Accordingly, it is assumed that the implementation of this model into Serbia’s cooperative legislation would allow for a diversification of capital sources, increase the financial resilience of cooperatives, and strengthen their position within the economy. Starting from the premise that it is the state’s responsibility to create progressive legislation to ensure the development of cooperatives (Vitez, 2010), there is a clear need to design and implement a stimulating legislative framework that will enable the cooperative sector to develop sustainably and to ensure its fair position in the market, equal to that of traditional enterprises.

In this context, current legal provisions should be reconsidered, supplemented, or amended with the following proposed solution, directed at lawmakers as a de lege ferenda proposal.

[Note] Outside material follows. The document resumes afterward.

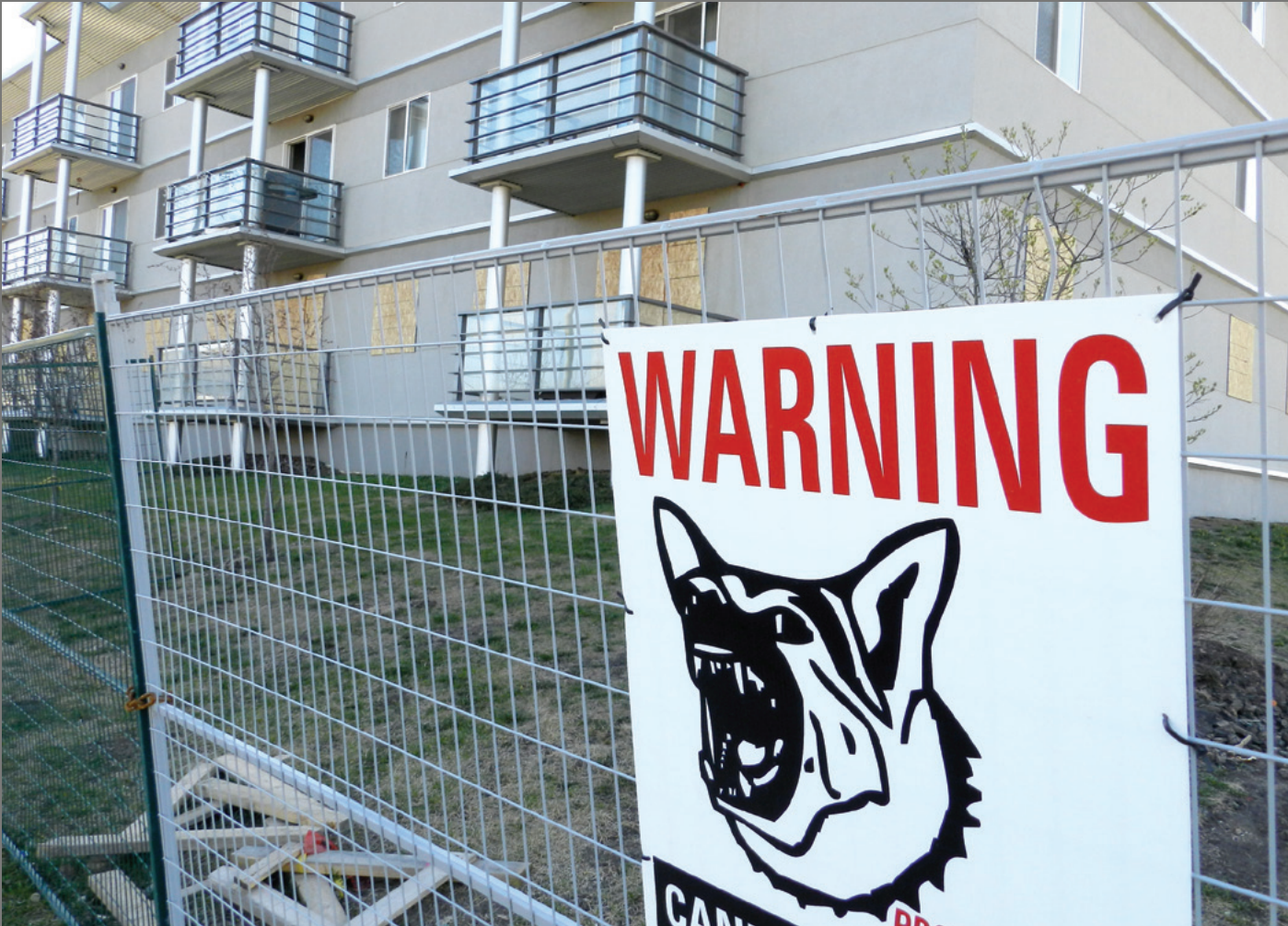
Sign in front of condemned condo buildings.

Therefore, alongside legislative changes, it is necessary to develop institutional support mechanisms and public policies focused on affirming cooperatives as a relevant and competitive form of economic organization in the modern economy. In this regard, promoting the importance of cooperatives and attracting and encouraging investors or other parties interested in the cooperative’s operations, under the condition of fully respecting the cooperative identity, to participate in forming cooperative capital, would be essential prerequisites for the effective and comprehensive application of the proposed legal solutions.

Conflict of Interest

The author declares no conflict of interest.

Končar Sonja

Univerzitet Privredna akademija u Novom Sadu, Pravni fakultet za privredu i pravosuđe u Novom Sadu; Pravobranilaštvo Grada Novog Sada, Novi Sad, Srbija

FORMIRANJE ZADRUŽNOG KAPITALA – IZAZOVI, PRAVNI OKVIR I PERSPEKTIVE RAZVOJA

APSTRAKT : Zadruga, kao specifičan organizaciono-pravni oblik privrednog subjekta, usmeren pre svega na ostvarivanje zajedničkih aspiracija svojih članova, zauzima značajnu poziciju u savremenim privrednim tokovima i afirmiše se kao relevantan činilac održivog razvoja društvene zajednice. Na globalnom nivou, zadruge se suočavaju sa brojnim i složenim izazovima, među kojima se posebno ističe problem obezbeđivanja adekvatnih finansijskih pretpostavki za njihovo funkcionisanje. U tom kontekstu, formiranje zadružnog kapitala, kao osnovnog finansijskog resursa namenjenog poslovanju, predstavlja jedan od ključnih izazova u pogledu opstanka i daljeg razvoja zadružnog sektora. Iako na dostupnost i stabilnost zadružnog kapitala utiču različiti faktori, legislativna podrška predstavlja ključnu determinantu, budući da usklađenost pravnog okvira sa savremenim privrednim tendencijama i aktuelnim praksama u oblasti formiranja zadružnog kapitala, kao i stepen njegove fleksibilnosti i efikasnosti u primeni u značajnoj meri određuju razvojne potencijale zadruga. Istovremeno, ova činjenica otvara prostor za kritičko razmatranje postojećih zakonodavnih rešenja u predmetnoj oblasti. U radu se najpre, kroz analizu savremenog privrednog ambijenta i značaja formiranja zadružnog kapitala, razmatraju aktuelna rešenja i razvojne perspektive u ovoj oblasti, dok se potom, primenom komparativne metode i upoređivanjem zakonskih okvira Srbije i Hrvatske, kritički sagledava domaća regulativa u segmentu koji se odnosi na formiranje zadružnog kapitala. Cilj istraživanja u ovom radu je: 1) da se ispita da li postojeći model formiranja zadružnog kapitala u pozitivnom zakonodavstvu omogućava konkurentno tržišno pozicioniranje zadruge i doprinosi njenom održivom razvoju, i 2) da se kroz predloge de lege ferenda ponude rešenja za unapređenje zakonodavnog okvira u oblasti finansiranja zadružnog poslovanja, u skladu sa savremenim ekonomskim trendovima.

Kljucne reci : zadruga, zadruzni kapital, komparativna analiza, de lege ferenda.